Read for the 2009 YA Reading Challenge.
Miri lives on Mount Eskel, the one place in Danland where the prized linder rock is mined. Everyone in Miri’s village works in the linder mines, except for Miri herself, who at fourteen is tiny, and not very suited to mine work. Still, Miri wishes she could work in the mine, and help her family and the village.
As this is really a fairy tale, Miri’s wishes are of course answered, and it comes in the form of the heir to the throne having to choose a wife. In their country, when the prince is old enough to marry, the priests scry for the location of where his future bride lives. And for the first time, the answer is Mount Eskel. And so it is that the lowlanders come to the mountain, and set up an academy to teach all of the “wild mountain girls” between the ages of 13 and 17 how to be princesses, in anticipation of the prince arriving, and choosing one of the girls as his wife. Naturally, they learn a lot more in the academy than anyone thought they would.

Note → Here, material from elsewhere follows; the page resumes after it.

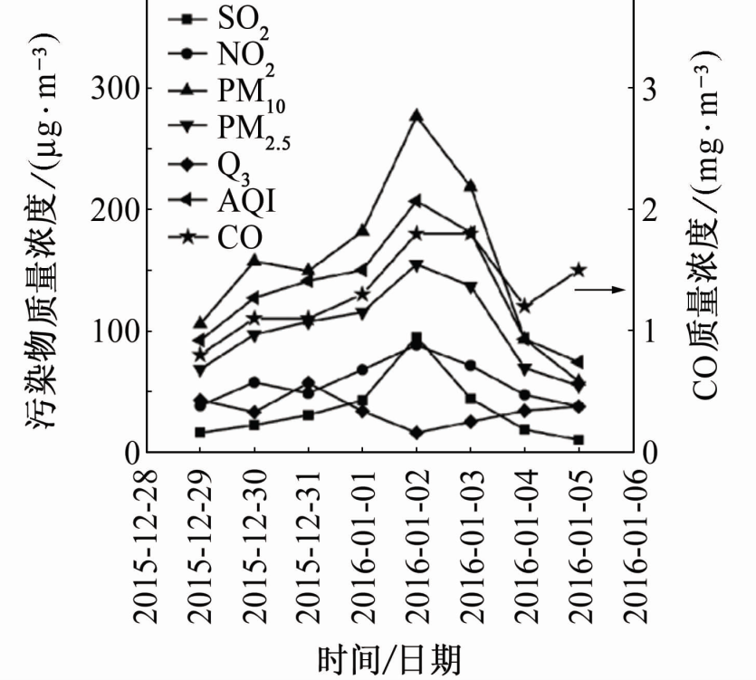 圖1 污染物濃度及AQI監(jiān)測(cè)數(shù)據(jù)

This is a sweet growing up and figuring out who you really are and what’s really important to you tale. I had figured out fairly early on who the princess would end up being, but I was still a little surprised by the end how the choice came to be. The setting is beautifully described, and you can tell the author loves her mountains.
This is a Newbery Honor book, so I’m clearly not the only one that enjoyed reading it.